Nello stesso progetto si possono inquadrare le ragioni che indussero il World Jewish Congress a realizzare il piano di costituzione di uno Stato ebraico in Palestina, posto a guardia del Canale di Suez e degli interessi petroliferi angloamericani in Medio Oriente. Non trascurando infine le iniziative, prese nel primo dopoguerra tendenti ad impedire la formazione di un secondo polo capitalistico nell’Europa continentale.

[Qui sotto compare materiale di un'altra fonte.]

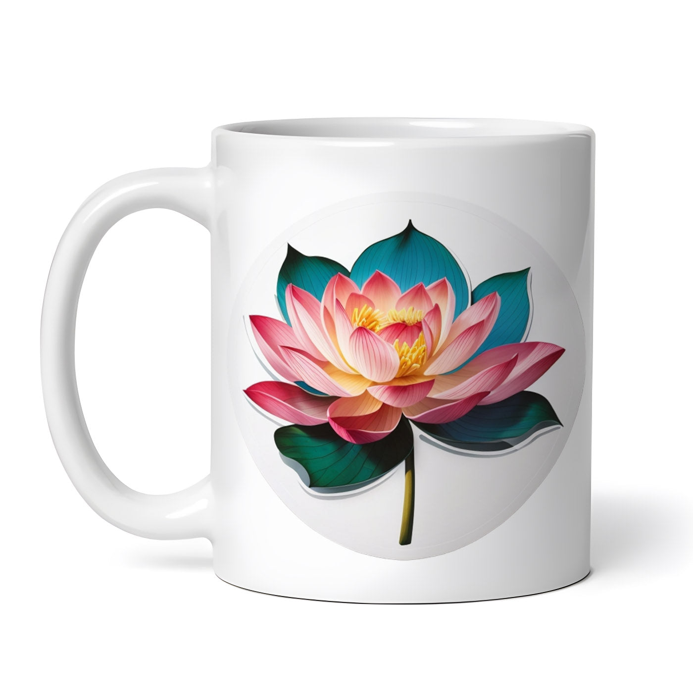 Cana ceramica, Floare de lotus cu frunze, NO8466, 330 ml, Multicolor

L’esordio della Federal Reserve avviene nel 1914 e qualche mese più tardi scoppia la Prima Guerra Mondiale. Una coincidenza!? La Fed opera a stretto contatto con la Borsa Newyorkese, autentico ponte costruito nell’occasione fra l’America e l’Europa, allo scopo di rendere vane le pretese del Kaiser sul territorio iracheno (ferrovia Berlino – Baghdad), e obbligando il suo naturale alleato, l’impero austro-ungarico, a far divampare la “polveriera balcanica”. A tale scopo sono costituiti il Belgian Relief Committee (per aiutare il “neutrale” Belgio invaso dalle truppe germaniche, ma soprattutto per permettere a queste ultime di continuare a combattere una guerra non voluta) e l’American International Corporation, grazie alla quale a Wall Street sarà dato il via a una serie di investimenti, da cui trarranno profitti colossali il gruppo Rothschild – Rockfeller e il “pool” di banche internazionali ad esso associato. Nell’occasione diventerà operativo il già citato Corporate Banking, creato apposta per obbligare i governi delle Potenze belligeranti ad usufruire del sostegno finanziario, destinato all’acquisto di armi dal War Industry Board di Bernard Baruch, banchiere associato al “pool”, esponente di spicco dell’Organizzazione Sionista Mondiale e persuasivo consigliere dei presidenti americani. Il grande business della guerra!? Non occorre chiederlo a Lord Walter Rothschild, né all’esimio Colonnello Mandell House che nel 1913 ha già stilato i Quattordici Punti, enunciati dal Presidente Wilson alla Conferenza di pace di Parigi del 1919 (valgono un Premio Nobel, la frantumazione di tre imperi e focolai infiniti d’odio e rancori dal mare del Nord all’Oceano Indiano). La strategia dell’Investment Banking, coordinata dalle Rothschild Houses e da quella che diverrà nota col nome di Standard Oil Company of New Jersey (poi Exxon), risulta dunque vincente anche negli States grazie al Sistema Fed, attraverso il quale sono già rientrati, sotto forma di tasse pagate dai contribuenti americani, i 25 miliardi di dollari, creati dal nulla, e anticipati ai belligeranti per dare inizio alla Prima Guerra Mondiale. Nell’occasione si distinguono i Chairmen della Fed, Charles S. Hamlin e William P.G. Harding, quest’ultimo manager del War Finance Corporation, attivissimo nelle forniture di armamenti ancor prima dell’entrata in guerra degli Stati Uniti il 6 aprile 1917.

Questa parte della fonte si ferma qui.